HYUNDAI IMAX SHUTTLE SLX CRDI
The big Kia is not the only Korean bus for the bigger family. STUART MARTIN runs the measuring tape over two of them
The iMax doesn’t fall short — 16-inch alloys, full-size spare, Bluetooth and USB link, steering wheel phone and audio controls, six speakers, auto locking, power front windows, suede/cloth trim, aircon with rear controls. Middle row lacks wind-down windows and it’s four airbags shy of the Kia. Resale value is 59 per cent.
Driving the rear wheels is a 2.5-litre four-cylinder (125 kW/441Nm) with less power but more torque than the Kia when teamed with the auto — the six-speed manual drops 25kW/98Nm. The auto diesel iMax claims 9.0L/100km from the 75Ltank.
At 5m long and 1.9m wide and two tonnes, it’s a big box. Absence of design flair translates to a stack of space. The cabin is useful without being luxurious — the middle seat row slides but neither it or the third row can be removed, limiting load capability. Luggage space is still well above the segment average. Its light commercial roots are betrayed by the pop-out rear windows.
Four crash stars for the iMax despite the fact that there are only two airbags (that LCV heritage shines through again) but there are ABS, stability control, reversing sensors (but no camera, even as an option), as well as lap-sash belts for all occupants. Rugrats get child-seat anchor points only on the second row and there’s a full-size (drop-down external) spare.

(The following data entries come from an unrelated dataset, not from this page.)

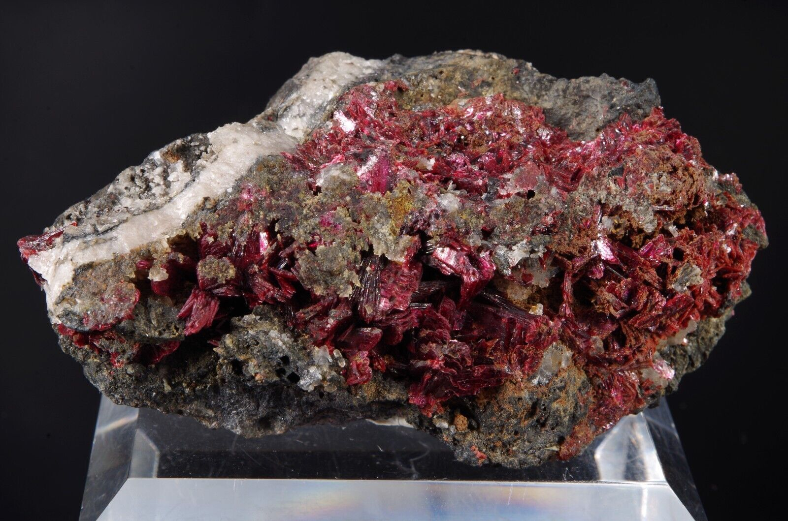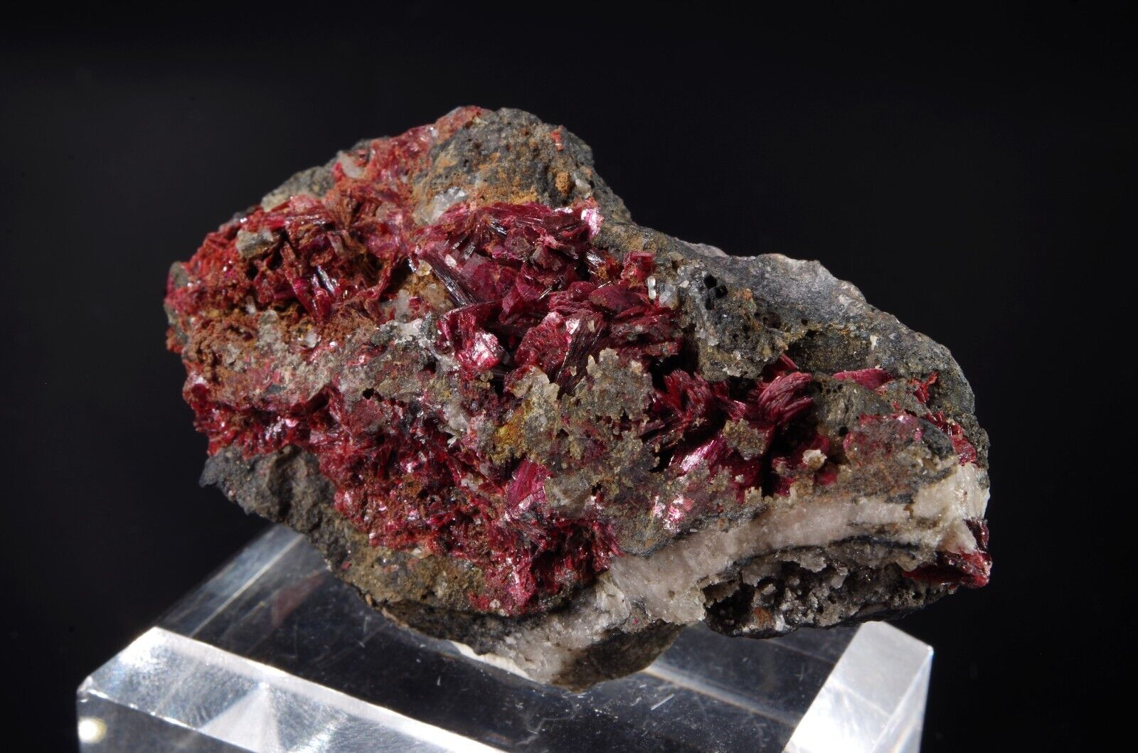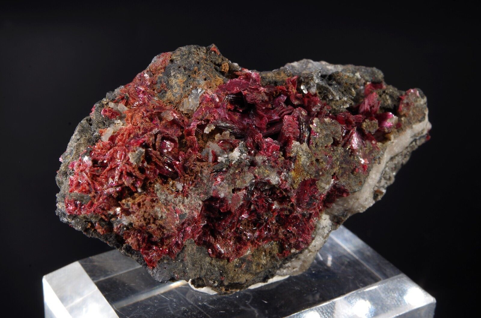 Jolie cristallisation d’ Erythrite pourpre et brillante sur matrice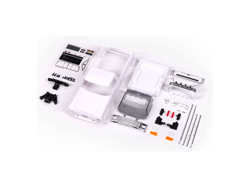 Traxxas karosérie Ford F-150 1979 nenabarvená bílá, kompletní (nesestavená), pro RC model auta TRX-4M s delším rozvorem 162 mm (High Trail). Bez-sponková karoserie v měřítku 1:18 z ABS, včetně mřížky chladiče, zrcátek, klik dveří, ochranného rámu, stěračů, bočních lišt a dalších detailů. Vyžaduje přední a zadní nárazník TRA9834.
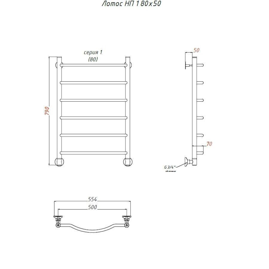 —Полотенцесушитель водяной Тругор Лотос Лотос1/нп8050 55х80 хром

If you need to cart adults and kids on a regular basis then Hyundai’s offering is a good compromise. A sedate “old-school” bus to drive, it becomes a little less daunting with familiarity but at nearly 2m tall it’s not as carpark friendly as its Kia second cousin. Heftier but torquier than the Carnival, it’s not difficult to get ticking along in traffic, but low-speed manoeuvring would be easier with a camera teamed with the sensors.